Iqaluit remembers: ‘It’s their strength – that’s why we’re here’
Ceremony marks National Day for Truth and Reconciliation
Iqalummiut gathered to honour the National Day for Truth and Reconciliation on Sept. 30.
Meant to recognize the tragic legacy of the residential school system — in which an estimated 150,000 Indigenous children were forced to attend between the 1830s and early 1990s after being taken from their families — the day is designated a statutory holiday in Nunavut.
Nunavut Tunngavik Inc. and the Qikiqtani Inuit Association hosted a walk from the Igluvut Building to Iqaluit Square to recognize and pay respects to Indigenous survivors of residential schools, their families and communities from across the country.
On what was a cold, wet, snowy day in Iqaluit, the ceremony included a moment of silence for victims of the residential school system as well as a community parlak, or candy toss.
“Today is really the reflection of the pain that people felt through residential schools,” Nunavut Premier P.J. Akeeagok told the crowd.
“And I want to thank the survivors that are here with us, such as Jack Anawak [who was a flag bearer for the walk]. It is through their resilience that we are here today.

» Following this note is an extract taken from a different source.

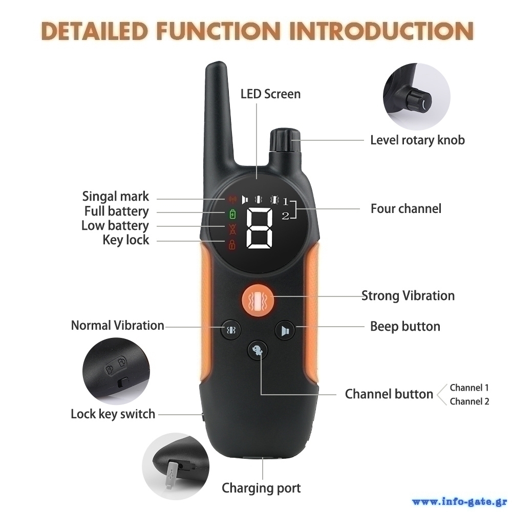 Με 4 λειτουργίες (ήχος, δόνηση, ηλεκτρικός παλμός, LED φωτισμός) και ρυθμιζόμενα επίπεδα λειτουργιών, μπορείτε να προσαρμόσετε τη χρήση του κολάρου ανάλογα με τις ανάγκες σας.

And I think it’s important to acknowledge although it was a difficult moment in our history, it’s their strength — that’s why we’re here.”
The gathering lasted for about an hour, and orange T-shirts were distributed to help mark the day, which is also known as Orange Shirt Day in tribute to the children who were lost or harmed at the schools.
Sen. Dennis Patterson, who also attended, said the day “is a path to reconciliation.”
“This is what it means to me — getting Canada to understand what happened and support efforts to move forward positively with new beginnings, new respect, new hope.”